- [Work to complete]: For this exercise, copy exactly the lines below from the one with "Ehemaliges Denkmal für" through the one with "Meditation University is" and leave out the pictures.

- [Exercise data]:
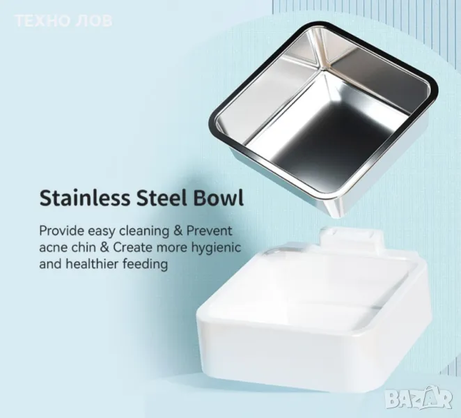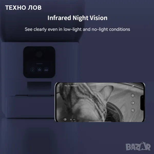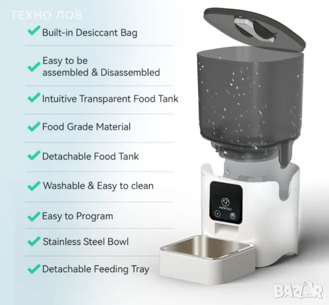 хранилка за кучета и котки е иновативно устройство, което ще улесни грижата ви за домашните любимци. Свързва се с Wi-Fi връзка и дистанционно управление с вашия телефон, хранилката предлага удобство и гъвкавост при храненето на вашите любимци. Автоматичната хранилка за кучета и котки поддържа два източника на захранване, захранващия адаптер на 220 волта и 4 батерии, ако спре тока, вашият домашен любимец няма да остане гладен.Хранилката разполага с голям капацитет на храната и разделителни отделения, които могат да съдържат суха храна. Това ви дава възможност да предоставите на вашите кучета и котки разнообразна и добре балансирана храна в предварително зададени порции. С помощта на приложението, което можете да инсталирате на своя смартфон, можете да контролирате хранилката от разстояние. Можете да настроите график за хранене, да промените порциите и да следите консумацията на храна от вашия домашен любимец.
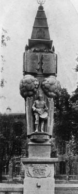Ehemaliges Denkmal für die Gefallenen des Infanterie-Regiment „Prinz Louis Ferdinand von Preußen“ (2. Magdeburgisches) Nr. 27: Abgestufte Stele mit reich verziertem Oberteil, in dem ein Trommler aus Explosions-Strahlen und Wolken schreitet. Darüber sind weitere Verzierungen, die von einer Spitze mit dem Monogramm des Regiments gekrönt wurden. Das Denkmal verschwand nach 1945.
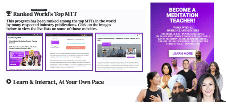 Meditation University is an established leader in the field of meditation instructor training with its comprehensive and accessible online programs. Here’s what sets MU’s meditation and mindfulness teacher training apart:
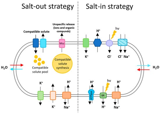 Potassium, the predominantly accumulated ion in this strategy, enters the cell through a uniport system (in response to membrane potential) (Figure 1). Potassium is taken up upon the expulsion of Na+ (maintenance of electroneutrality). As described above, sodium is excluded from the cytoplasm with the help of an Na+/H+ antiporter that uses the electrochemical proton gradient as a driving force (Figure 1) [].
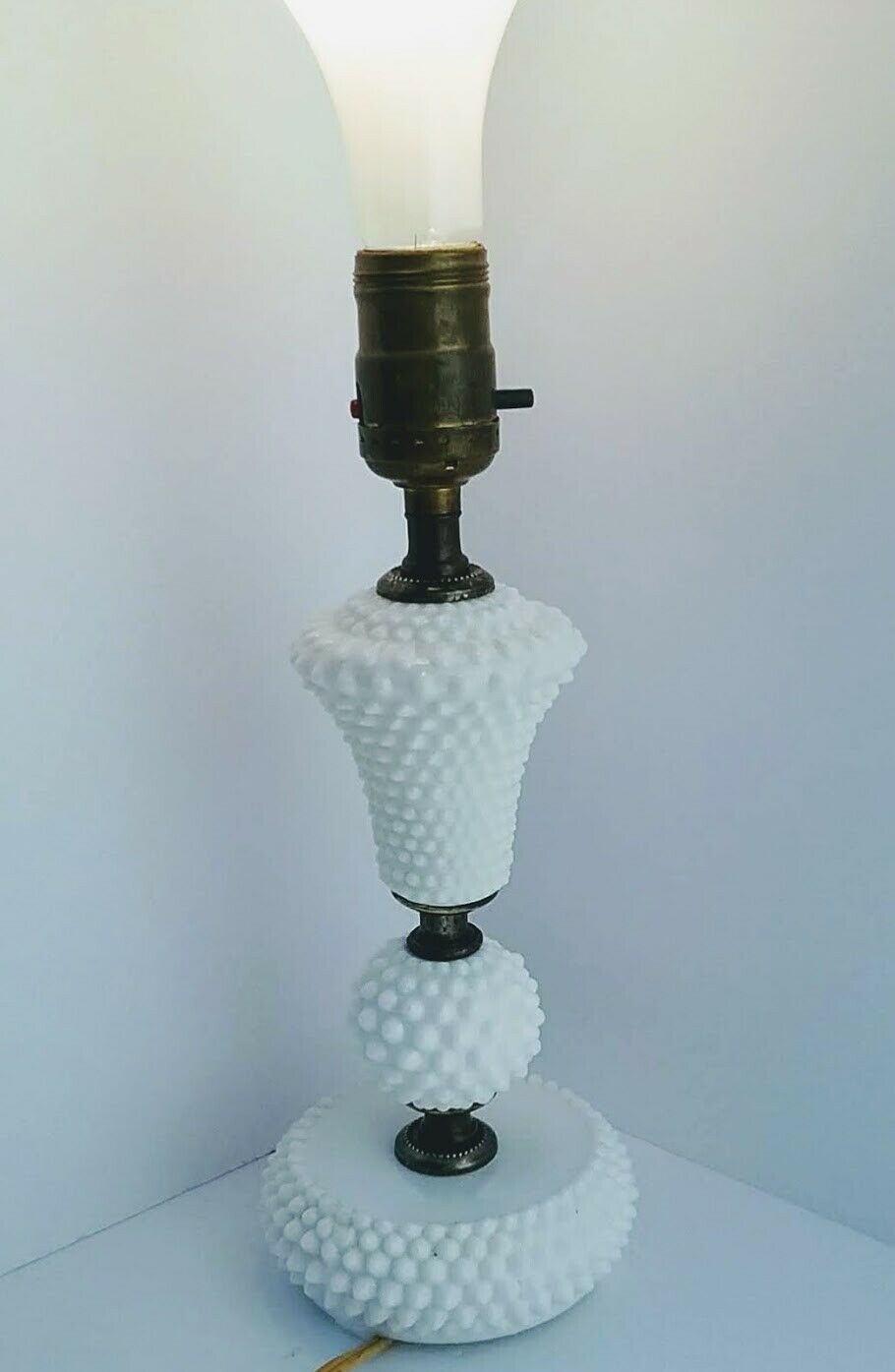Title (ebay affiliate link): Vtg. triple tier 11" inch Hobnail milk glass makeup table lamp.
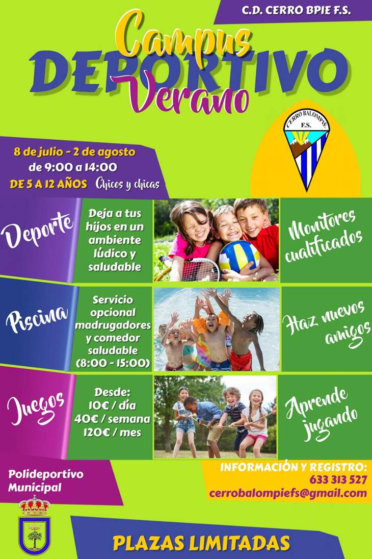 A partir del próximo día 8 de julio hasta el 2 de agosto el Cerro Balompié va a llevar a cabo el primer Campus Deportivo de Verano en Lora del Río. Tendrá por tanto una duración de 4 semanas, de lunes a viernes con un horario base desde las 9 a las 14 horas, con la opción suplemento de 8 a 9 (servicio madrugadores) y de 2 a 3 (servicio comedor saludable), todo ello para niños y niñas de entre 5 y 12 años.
* * *
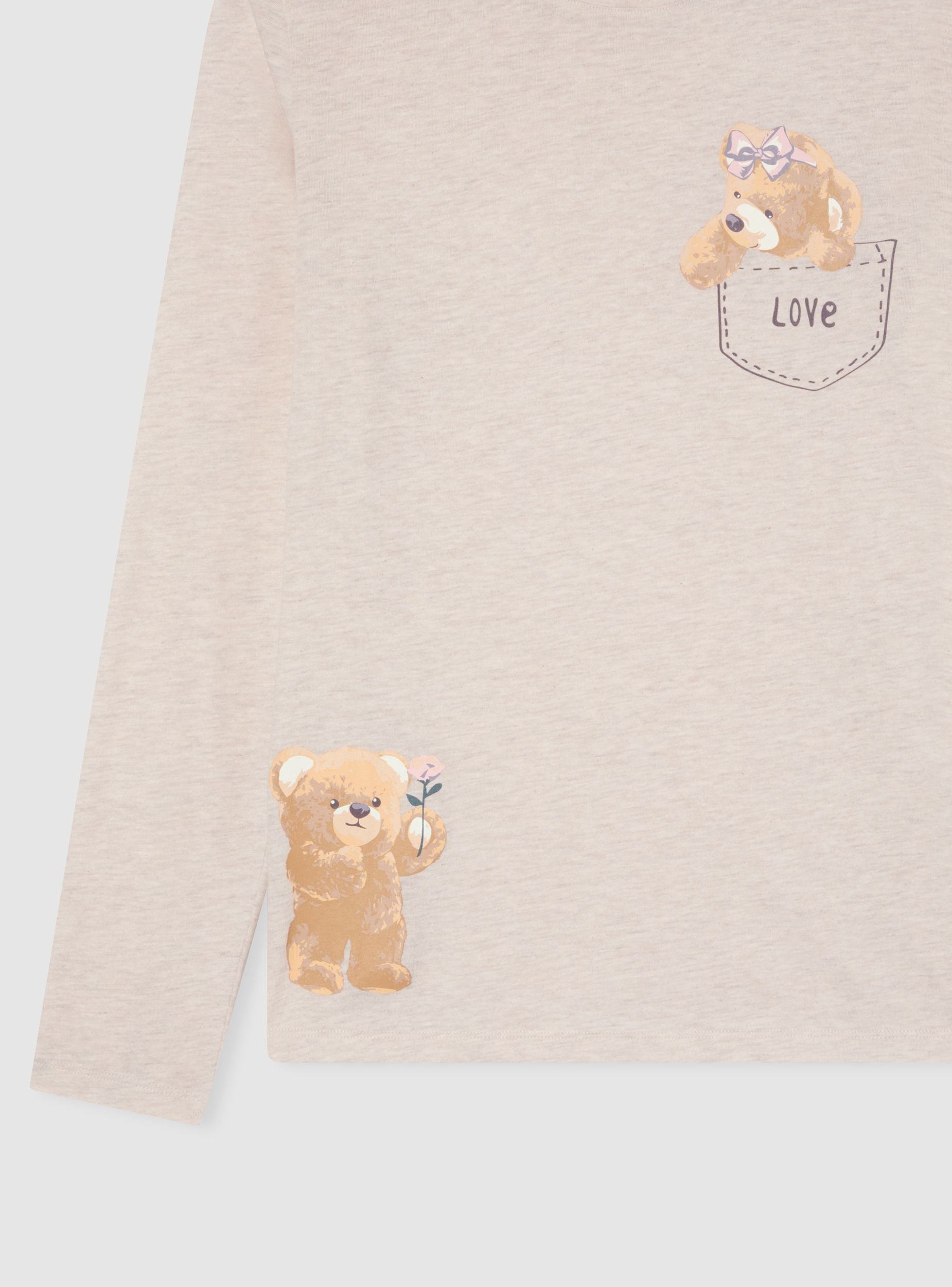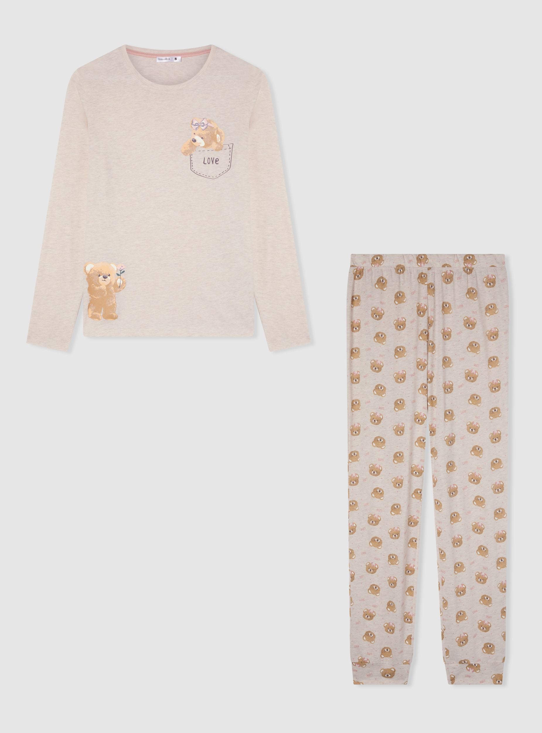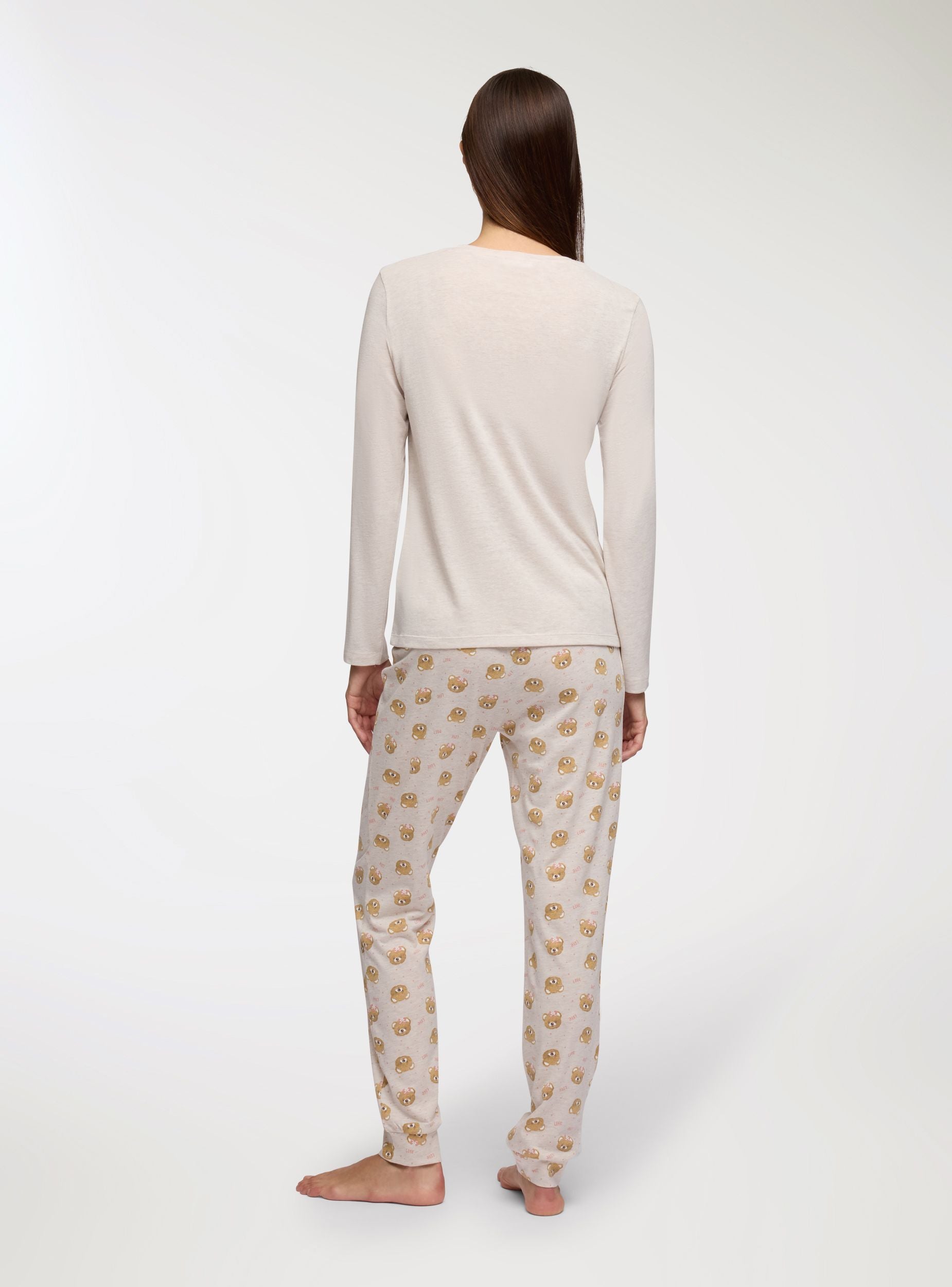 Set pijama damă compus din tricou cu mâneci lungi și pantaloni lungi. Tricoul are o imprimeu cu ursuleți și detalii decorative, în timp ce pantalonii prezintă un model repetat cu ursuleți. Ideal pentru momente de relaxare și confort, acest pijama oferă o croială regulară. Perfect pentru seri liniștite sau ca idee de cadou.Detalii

- [Response area]:
Ehemaliges Denkmal für die Gefallenen des Infanterie-Regiment „Prinz Louis Ferdinand von Preußen“ (2. Magdeburgisches) Nr. 27: Abgestufte Stele mit reich verziertem Oberteil, in dem ein Trommler aus Explosions-Strahlen und Wolken schreitet. Darüber sind weitere Verzierungen, die von einer Spitze mit dem Monogramm des Regiments gekrönt wurden. Das Denkmal verschwand nach 1945.
 Meditation University is an established leader in the field of meditation instructor training with its comprehensive and accessible online programs. Here’s what sets MU’s meditation and mindfulness teacher training apart:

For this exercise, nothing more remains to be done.